From the entries below, retype only the lines from the one with "The Martini stripes" through the one with "本文主要內(nèi)容是:在", exactly as written.

▸ Data section:
==============================
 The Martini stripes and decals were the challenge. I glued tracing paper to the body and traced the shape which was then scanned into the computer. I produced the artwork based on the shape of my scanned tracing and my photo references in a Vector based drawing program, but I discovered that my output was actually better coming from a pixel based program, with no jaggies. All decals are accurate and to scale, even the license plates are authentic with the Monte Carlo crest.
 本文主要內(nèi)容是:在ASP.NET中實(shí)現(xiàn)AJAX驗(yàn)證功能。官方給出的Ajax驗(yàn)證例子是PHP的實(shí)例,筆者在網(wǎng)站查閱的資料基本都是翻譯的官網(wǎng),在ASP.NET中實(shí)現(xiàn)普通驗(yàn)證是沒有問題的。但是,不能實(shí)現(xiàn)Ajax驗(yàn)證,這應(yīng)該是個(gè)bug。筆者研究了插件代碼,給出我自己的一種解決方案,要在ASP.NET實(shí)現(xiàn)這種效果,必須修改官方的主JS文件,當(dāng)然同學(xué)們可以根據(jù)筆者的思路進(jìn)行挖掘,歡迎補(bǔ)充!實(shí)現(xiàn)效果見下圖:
==============================
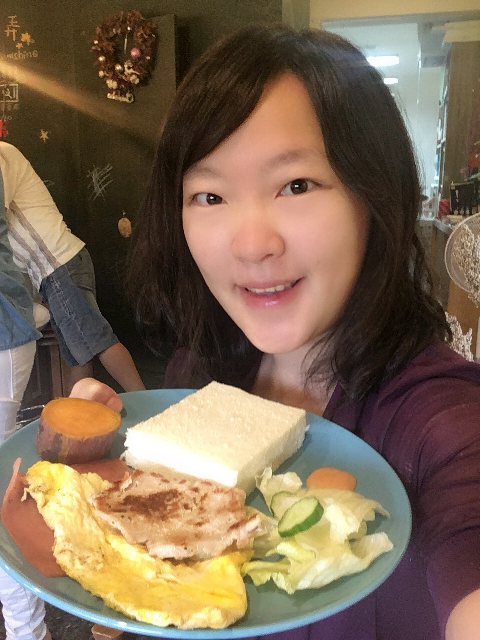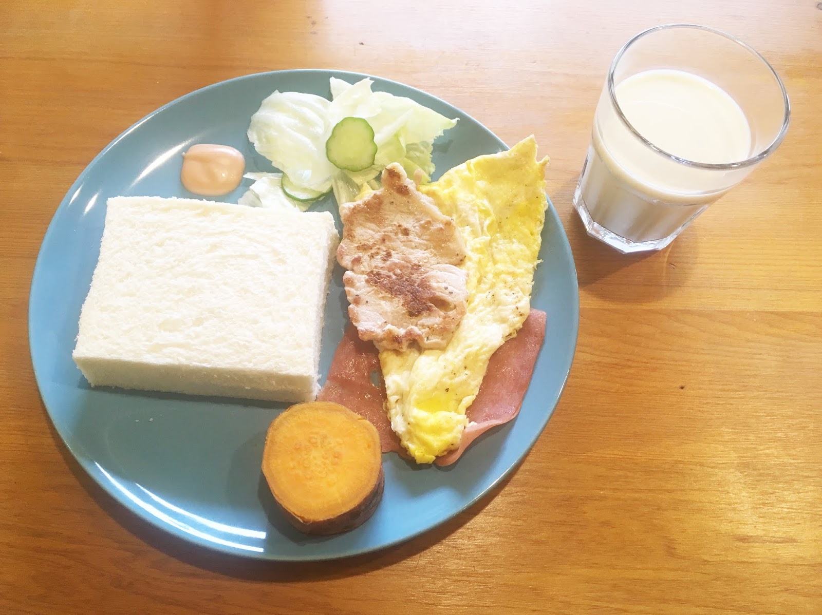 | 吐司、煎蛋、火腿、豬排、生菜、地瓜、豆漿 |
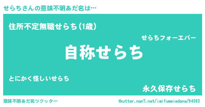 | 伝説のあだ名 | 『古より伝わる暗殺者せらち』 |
==============================
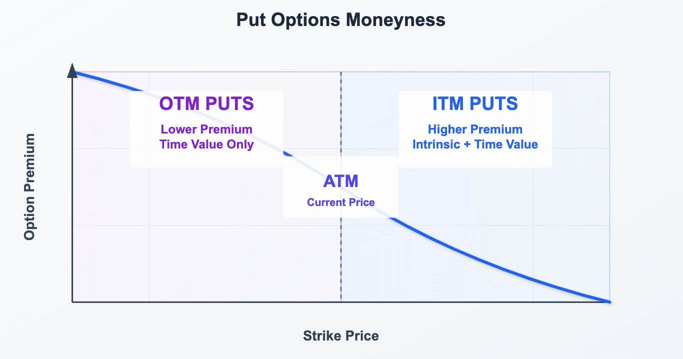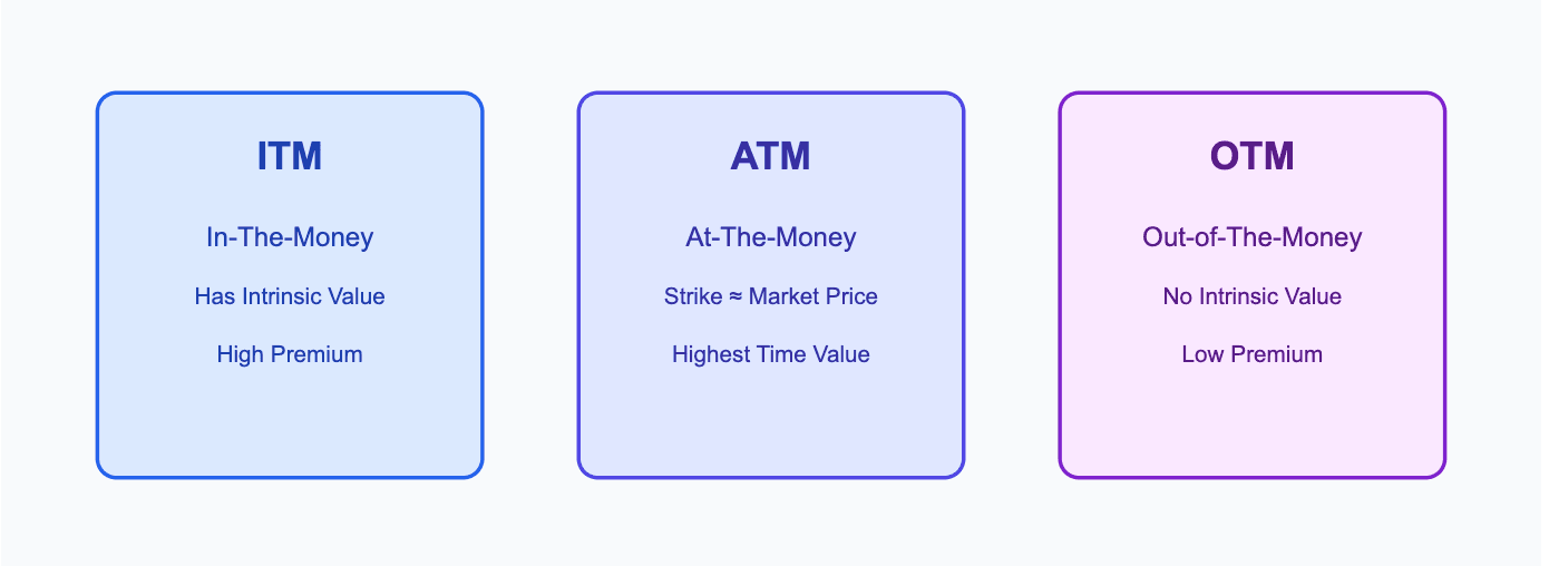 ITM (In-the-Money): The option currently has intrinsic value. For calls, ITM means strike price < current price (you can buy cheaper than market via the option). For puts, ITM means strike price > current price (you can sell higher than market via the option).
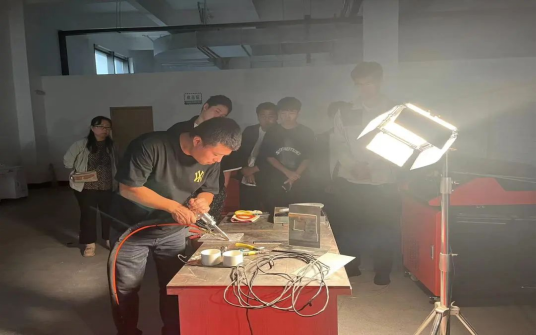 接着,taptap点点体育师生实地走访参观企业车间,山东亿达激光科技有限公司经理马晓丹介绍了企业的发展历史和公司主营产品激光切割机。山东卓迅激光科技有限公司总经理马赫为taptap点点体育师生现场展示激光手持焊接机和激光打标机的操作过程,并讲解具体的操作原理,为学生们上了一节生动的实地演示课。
==============================
▸ Output for this exercise:
 The Martini stripes and decals were the challenge. I glued tracing paper to the body and traced the shape which was then scanned into the computer. I produced the artwork based on the shape of my scanned tracing and my photo references in a Vector based drawing program, but I discovered that my output was actually better coming from a pixel based program, with no jaggies. All decals are accurate and to scale, even the license plates are authentic with the Monte Carlo crest.
 本文主要內(nèi)容是:在ASP.NET中實(shí)現(xiàn)AJAX驗(yàn)證功能。官方給出的Ajax驗(yàn)證例子是PHP的實(shí)例,筆者在網(wǎng)站查閱的資料基本都是翻譯的官網(wǎng),在ASP.NET中實(shí)現(xiàn)普通驗(yàn)證是沒有問題的。但是,不能實(shí)現(xiàn)Ajax驗(yàn)證,這應(yīng)該是個(gè)bug。筆者研究了插件代碼,給出我自己的一種解決方案,要在ASP.NET實(shí)現(xiàn)這種效果,必須修改官方的主JS文件,當(dāng)然同學(xué)們可以根據(jù)筆者的思路進(jìn)行挖掘,歡迎補(bǔ)充!實(shí)現(xiàn)效果見下圖:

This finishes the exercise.